+++ Data to use

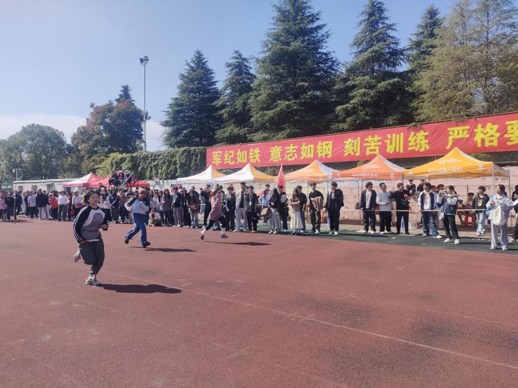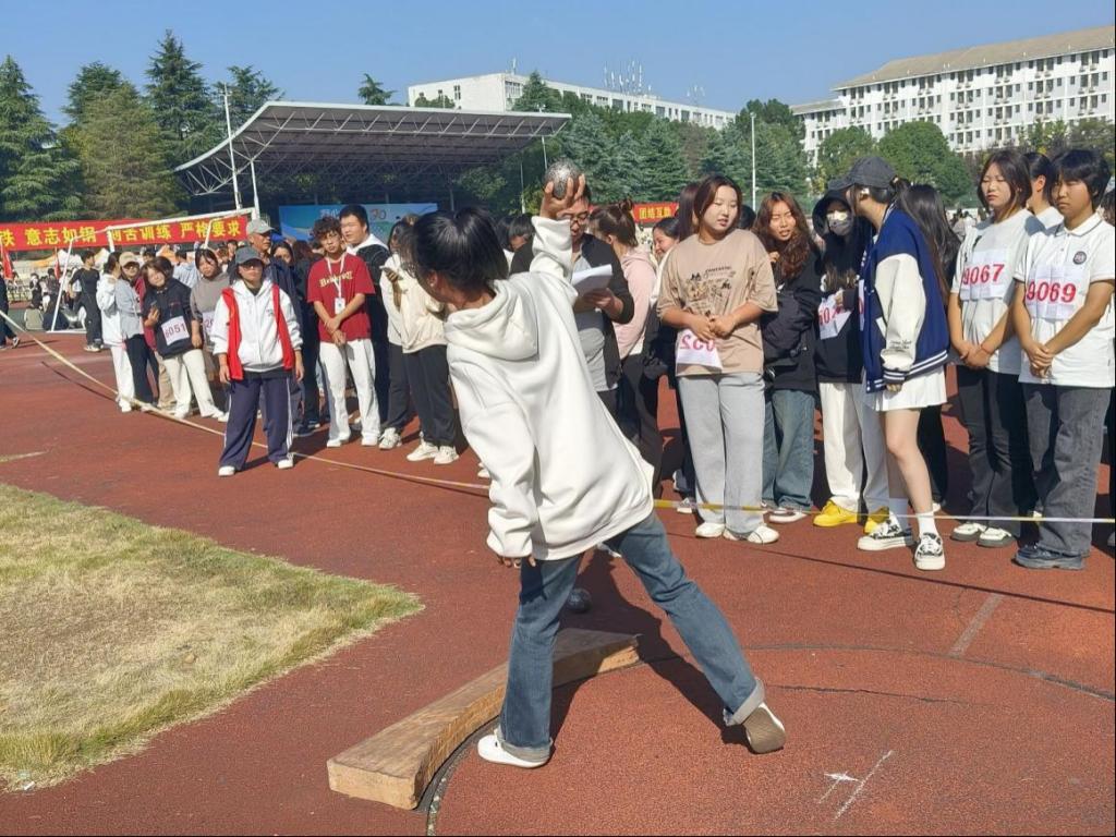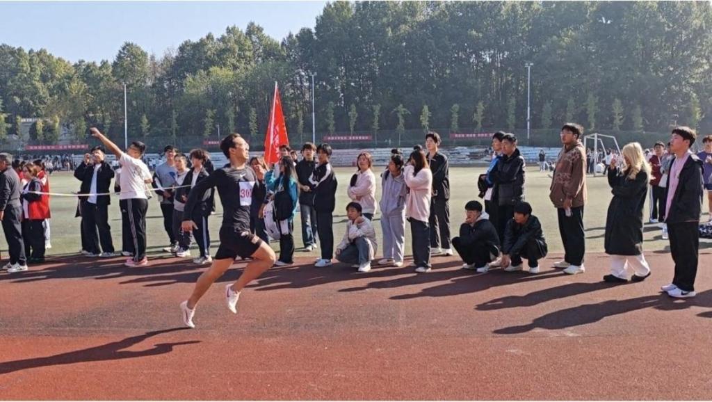 开幕式后,运动会的各项比赛项目紧锣密鼓地展开。短跑、长跑、跳高、跳远、铅球等赛项依次上演,运动员们在赛场上你追我赶,顽强拼搏。跑道上,运动员们如离弦之箭,奋力冲向终点;在跳高比赛中,选手们展现了矫健的身姿和坚定的毅力,不断挑战自我。跳远项目同样精彩,选手们一次次助跑起跳,腾空而起,勇敢挑战自己的极限。在观众的加油声和欢呼声中,每一次跃起,都是对自我能力的突破和肯定。铅球比赛中,运动员们展现了出色的力量与技巧,比赛场面精彩纷呈,激动人心。运动员在赛场上奔跑的同时学生会成员也在陪伴着奔跑,体现了建工学子团结一心的精神。
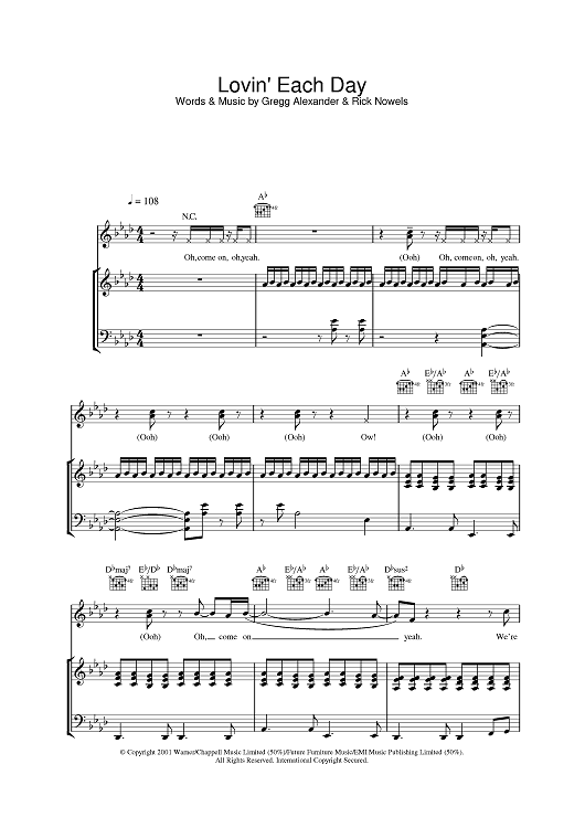 Digital Sheet Music for Lovin' Each Day by Rick Nowels, Gregg Alexander, Ronan Keating scored for Piano/Vocal/Chords; id:380865
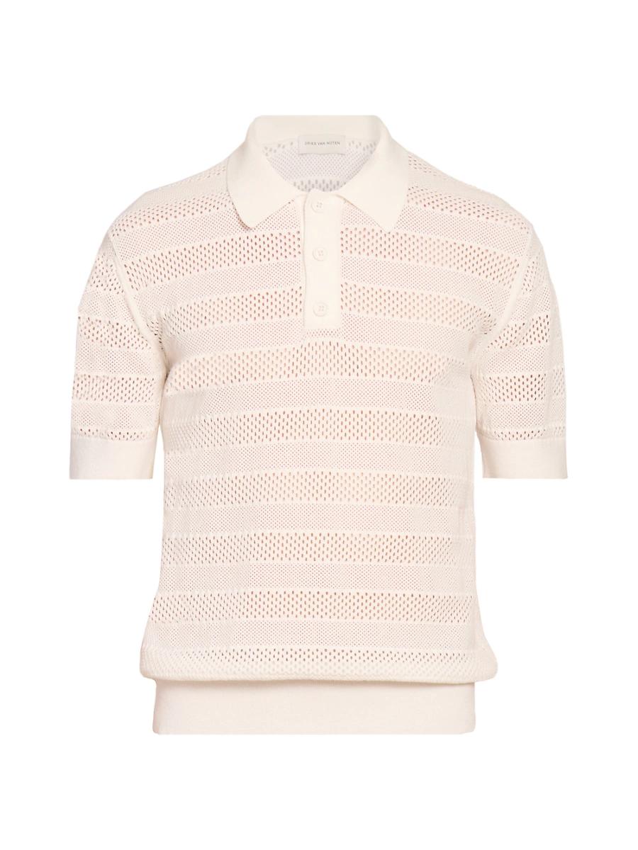 Dries Van Notens Mercy knit polo shirt is designed with crochet stripes and a vintage-inspired slim fit. Spread collar Short sleeves Three-button placket 70% viscose/30% polyester Hand wash Imported SIZE & FIT About 27 from shoulder to hem Model measurements: 62 tall, 40 chest, 31 waist Model is wearing a US size Medium ABOUT THE BRAND Designer Dries Van Noten was part of the Antwerp Six, an influential group of fashion designers who graduated from the Royal Academy of Fine Arts in Antwerp in the 1980s. Van Noten is known for his intellectual aesthetic, using artful textiles and lush prints to craft the brands clothing, shoes and accessories. Men Advcd Dsgnr - Advanced Designer Collec > Dries Van Noten > Saks Fifth Avenue > Barneys. Dries Van Noten. Color: White. Size: Large.
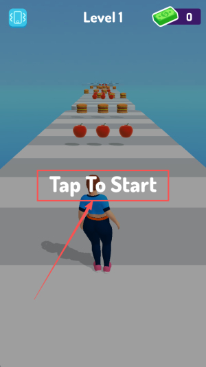 1、开启闯关准备:挑选目标关卡,熟悉对小姐姐的操控方法,知晓苹果(瘦)和汉堡(胖)带来的体重影响,清楚“抵达终点”这一核心目标。
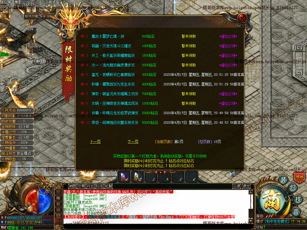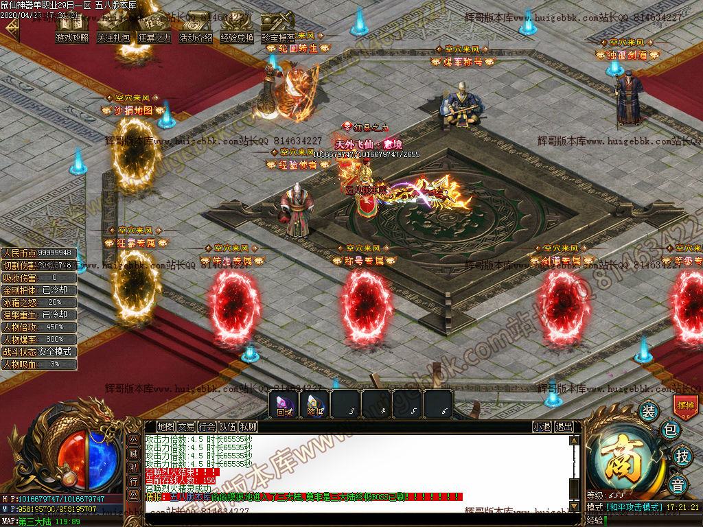 ①:本服领QQ群礼包可获得永久冰冻、刀刀切割、逐日和开天斩等,真正做到不花钱上线就能撸死所有BOSS…
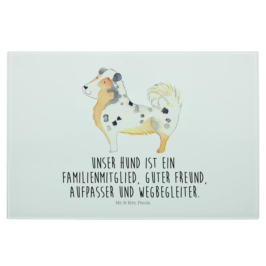 Medium Glas Schneidbrett Australien Shepherd - mit Spruch - Weiß
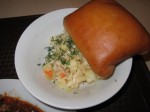 В последний раз брал гуляш (75 рублей) и рис Мозайка (50 рублей), салатик Деревенский (45 рублей), морс ягодный (25 рублей), чай (20 рублей). Как всегда можно свежей разнообразной выпечки. Конечно же, не удержался, взял пирожок с луком и яйцом (30 рублей), размер немаленький, наполнение хорошее, так что, цена вполне оправданная. К чаю сладкоежка не смог себе отказать в пирожном - 50 рублей, свежайший продукт.

++++++

→ **Your assignment**:
Please reproduce exactly, and nothing more, the lines from the one containing "①:本服领QQ群礼包可获得永" through the last line of the entries, both included; pictures stay out.

→ **Response**:
 ①:本服领QQ群礼包可获得永久冰冻、刀刀切割、逐日和开天斩等,真正做到不花钱上线就能撸死所有BOSS…
 Medium Glas Schneidbrett Australien Shepherd - mit Spruch - Weiß
 В последний раз брал гуляш (75 рублей) и рис Мозайка (50 рублей), салатик Деревенский (45 рублей), морс ягодный (25 рублей), чай (20 рублей). Как всегда можно свежей разнообразной выпечки. Конечно же, не удержался, взял пирожок с луком и яйцом (30 рублей), размер немаленький, наполнение хорошее, так что, цена вполне оправданная. К чаю сладкоежка не смог себе отказать в пирожном - 50 рублей, свежайший продукт.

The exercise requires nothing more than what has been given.